Глумливцы Волошин и Гоготов подсунули птицу в мой портфель. Крикнули в самом начале урока:
– Элеонора Васильевна, а попросите Кротышева показать, что у него в портфеле!..
Миниатюрная географичка Элеонора Васильевна оказалась любопытной. На клювастых туфельках подсеменила ко мне. Я поставил на парту портфель. Уже открывая, почувствовал мусорный, гнилой запах. Ласточка лежала полузавёрнутая в тетрадный клетчатый разворот поверх учебников.
Элеонора Васильевна на радость классу взвизгнула:
– Фу! Кротышев! Что за гадость ты таскаешь! Выйди! Выбрось немедленно!..
И пока я плёлся к двери с трупом на бумажном лафете, вслед мне неслось:
– Крот убил ласточку!..
– Бедная Дюймовочка!..
– Птичку жалко!..
Веселилась даже Элеонора Васильевна. У шутников, оказывается, был не просто птичий мертвец, но ещё и драматургия с художественным прицелом на Андерсена.
Я вышел в коридор и направился к туалету. Раньше мне повстречалась учительница английского.
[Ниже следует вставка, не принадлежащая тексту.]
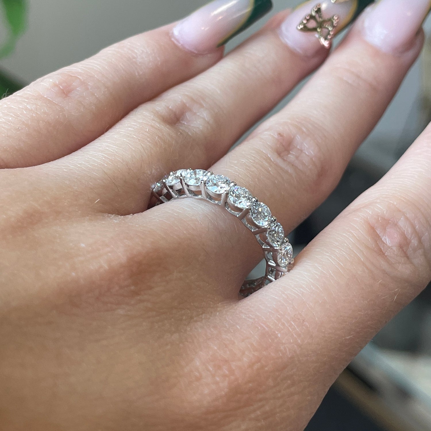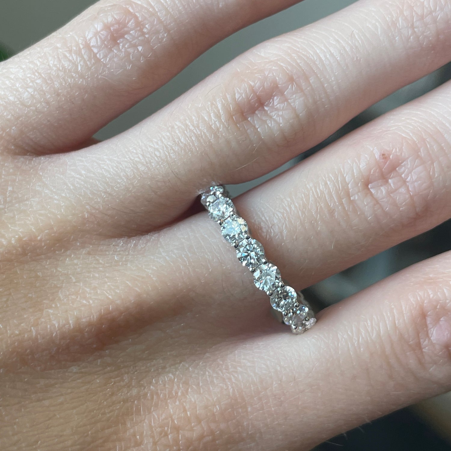 3.1 Ctw LAB Diamond eternity band in 14kt white gold. Diamonds are D-F in color, VS in clarity. This ring is a size 7 1/4 but can be resized if needed, just drop us a note at checkout for a quote!

Увидев, что я несу, крикнула вдогонку:
– Это инфекция! Поди во двор и выбрось в мусорку!
Баки для мусора куда-то подевались. Был вариант избавиться от ласточки, просто бросив её под дерево на садовом участке, но туда можно было попасть только через спортивную площадку, где проводили урок физкультуры, а я не хотел, чтобы меня увидели с мёртвой птицей.
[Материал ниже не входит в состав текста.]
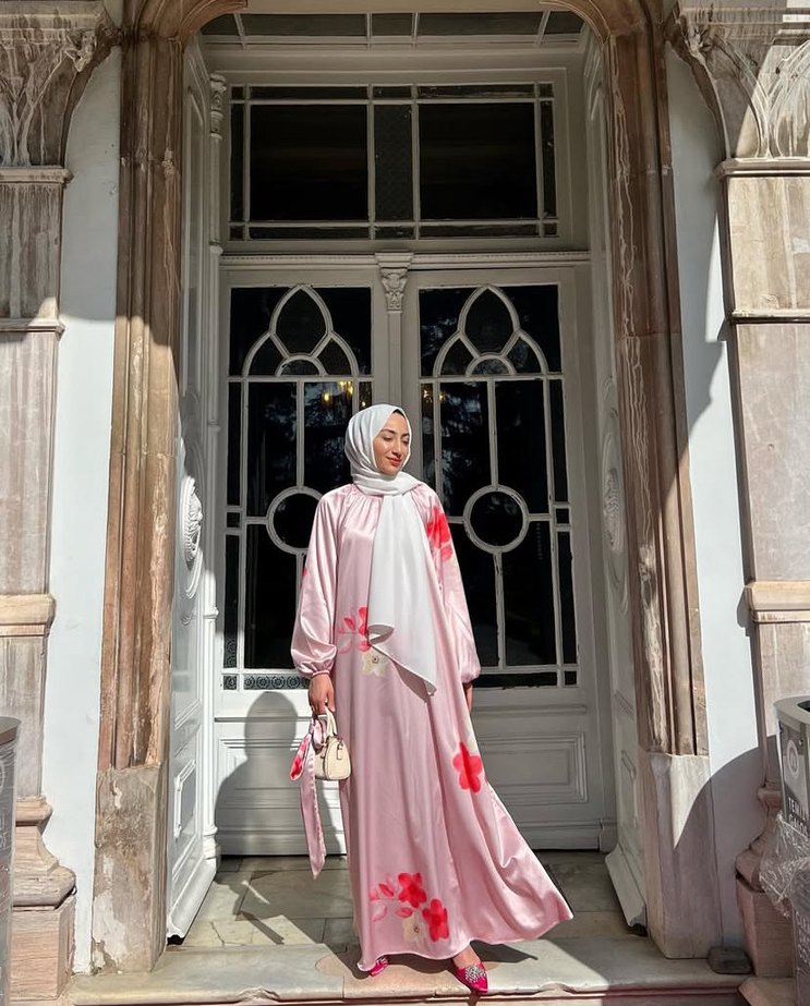 Pembe Çiçekli Uzun Salaş Elbise

Я и сам не заметил, как оказался за пределами школы. Очки застилала испарина слёз. Мне было очень обидно. Для себя я принял решение больше не возвращаться – ни на урок, ни в школу вообще. Я также пообещал себе не притрагиваться к осквернённому портфелю.
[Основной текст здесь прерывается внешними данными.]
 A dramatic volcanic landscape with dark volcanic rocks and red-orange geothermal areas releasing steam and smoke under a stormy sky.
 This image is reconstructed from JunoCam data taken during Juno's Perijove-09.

Со стороны для прохожих я выглядел, наверное, просто излишне жалостливым подростком. Я слышал, какой-то любопытный малыш вопрошал:
– Бабуля, птичка умерла? – а бабушка отвечала ему: – Нет, просто заболела…
Я по возможности сворачивал на те улицы, где было меньше народу. Пару раз пытался избавиться от ласточки, но попадался кому-то на глаза и тушевался.
Я свернул в очередной закоулок и очутился перед невысоким забором. За ним начиналась игровая площадка – пустая и неухоженная. Вповалку трухлявел деревянный “мухомор”, с корнем были выкорчеваны ржавые качели. Двери и окна двухэтажного здания заколотили досками и листами фанеры. Очевидно, раньше тут был детский сад.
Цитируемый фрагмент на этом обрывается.